Because this means it's time for all of the backstory to come out. Yes, I know there are many nifty techniques to weave backstory into a novel, even if your novel is written in first person present tense and your POV character is utterly ignorant of said backstory. Yeah, you can still get it in there. Unless....it's important to keep the reader ignorant as well.

Keeping the reader ignorant without pissing them off has been one juggling act. Now I have to tell the reader everything I've been withholding from him and make it seem natural. And you know what? That's not even the biggest problem!!!

The biggest problem is that there is a supernatural aspect to this story and I am constantly resisting the urge to over-explain it. This is because I am of a pragmatic turn of mind, myself and like everything to have a logical explanation.

But there's that thing called the willing suspension of disbelief and I think in fantasy, it's even more willing than usual. A reader who picks up a fantasy book is already halfway suspended. Not that you can get away with the completely illogical, but you don't need to dissect everything, either, and that's what I have to keep stopping myself from doing.

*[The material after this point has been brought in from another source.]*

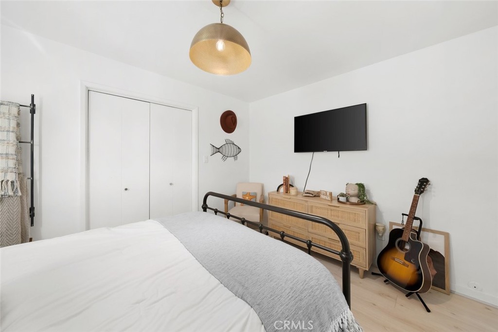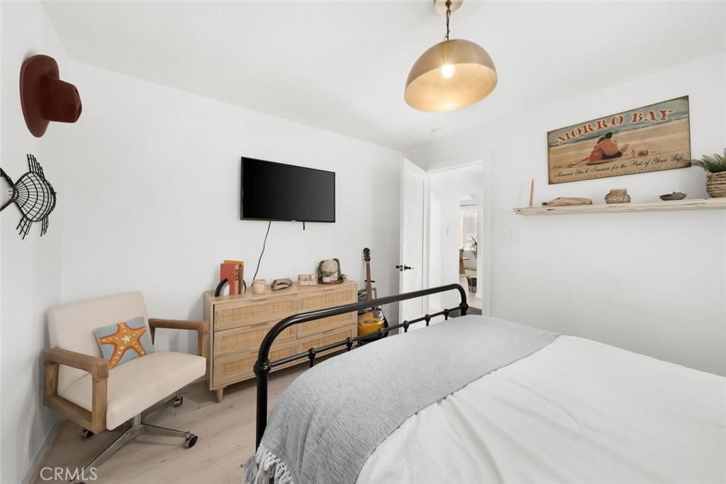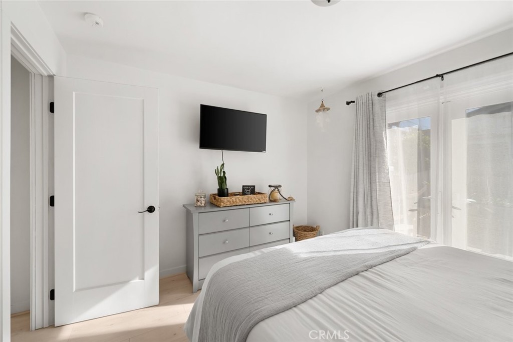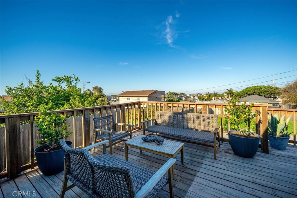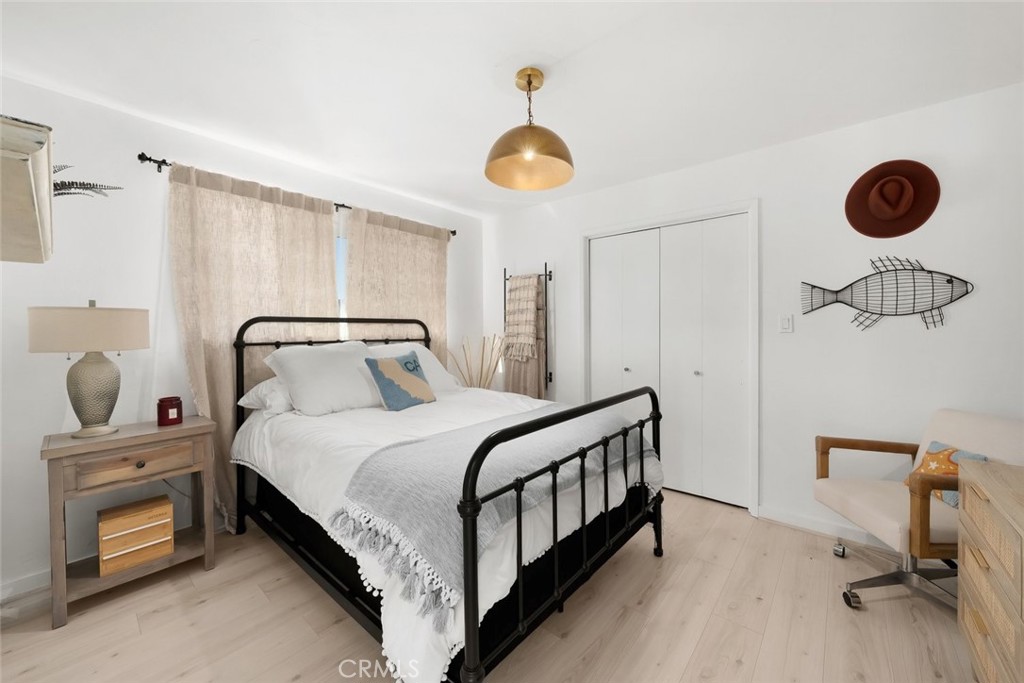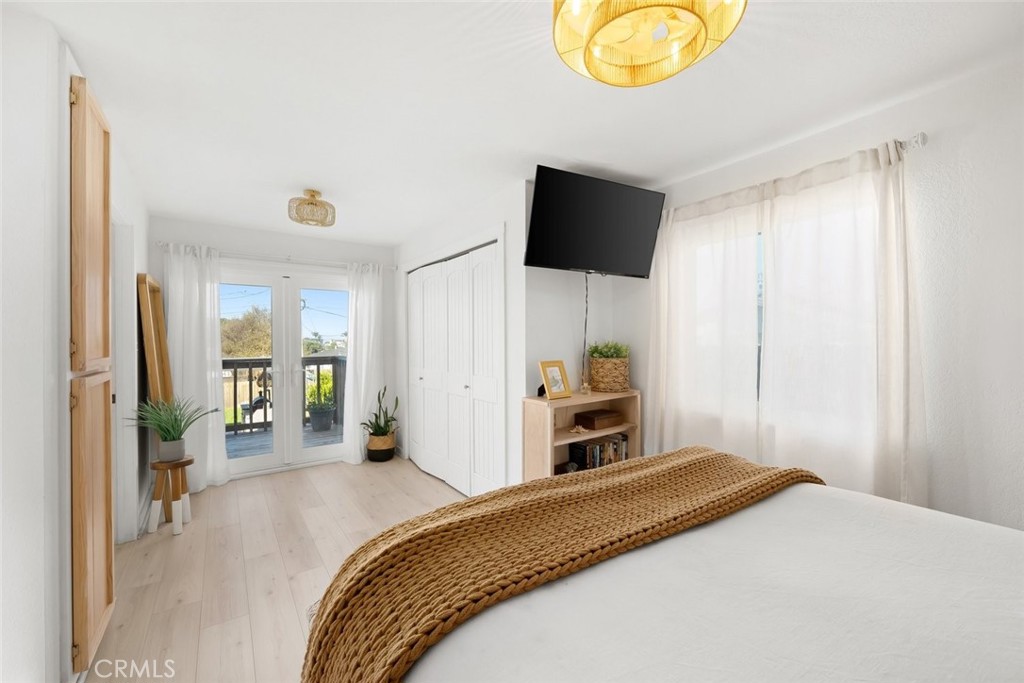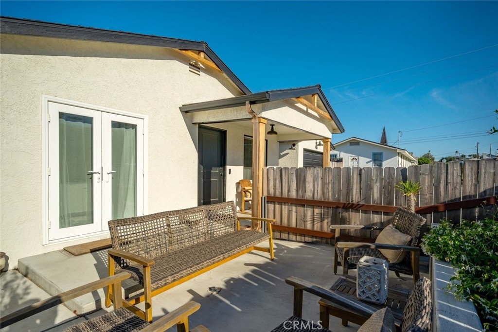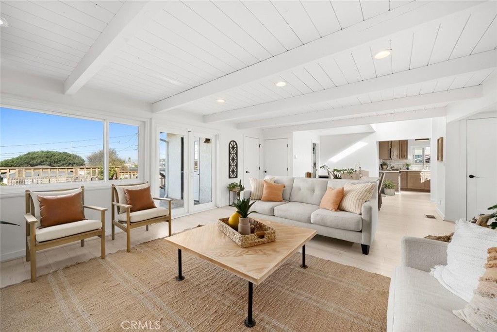 The back of the home opens up to a stunning flex space with its own private entrance—perfect as a guest suite, second living area, or oversized primary retreat. This inviting space showcases exposed wood beam ceilings, a cozy tile fireplace, and seamless indoor-outdoor flow to an expansive back deck. The generously sized back bedroom features new French doors and west-facing exposure, capturing ocean breezes and sunset light. An updated kitchenette with stainless steel appliances and subway tile backsplash adds even more convenience.

But it's hard! It's like expecting me not to pester my kids about picking up their dirty clothes! It requires sheer force of will. As I am writing along, I have to keep explanation alert on full blast. When I find myself explaining too much, I cut out the explanation and stick it to the bottom of the ms. That way, I know it's down there if I decide I truly do need it later.

But you know what? So far, it's all still down there.

Idle and Possible Pointless Thoughts on Storytelling and Old TV

So I've been watching old TV shows on YouTube and because I like to try to justify my time-suck activities, I will now draw a comparison between 70s action shows and writing. Ta da!

One thing I notice (besides the crappy music) is the use of copious and lengthy establishing shots. You know, like the camera will linger lovingly over the exterior of a hospital so that you, the viewer knows for damned sure that we're in the hospital now.

The director takes the viewer very gently by the hand and leads you along in this manner. It's quite sweet, actually, but it serves to seriously drag down the action.

Weirdly, though, back in 1976, I didn't notice it. It didn't feel draggy. But now it makes me want to scream. I wonder if this is symptomatic of a general shift in the way we live and think, with information instantly available at our fingertips, with life lived at a faster speed, we expect stories to move along at the same clip. Or maybe we've been trained to accept more abrupt transitions in stories. It's not just in establishing shots, either. In modern TV series, I think the viewer is expected to infer more than in older shows. You have to be able to keep up and fill in blanks on your own.

One thing you notice when you watch these things on YouTube--with the commercials cut out--is that the running time for hour-long series from the sixties and seventies is about eight minutes longer than hour-long series today. So maybe the precise editing is more about expediency than storytelling choices, making room for more commercials to offset increasing production costs.

Anyway, I thought it was interesting and it made me wonder if it's one of the things that drives the current popularity of YA fiction. YA--in general--employs a different pacing than adult fiction, a different focus and highlights different aspects of story. It "cuts to the chase" and maybe in our impatient new world, people are more comfortable with that.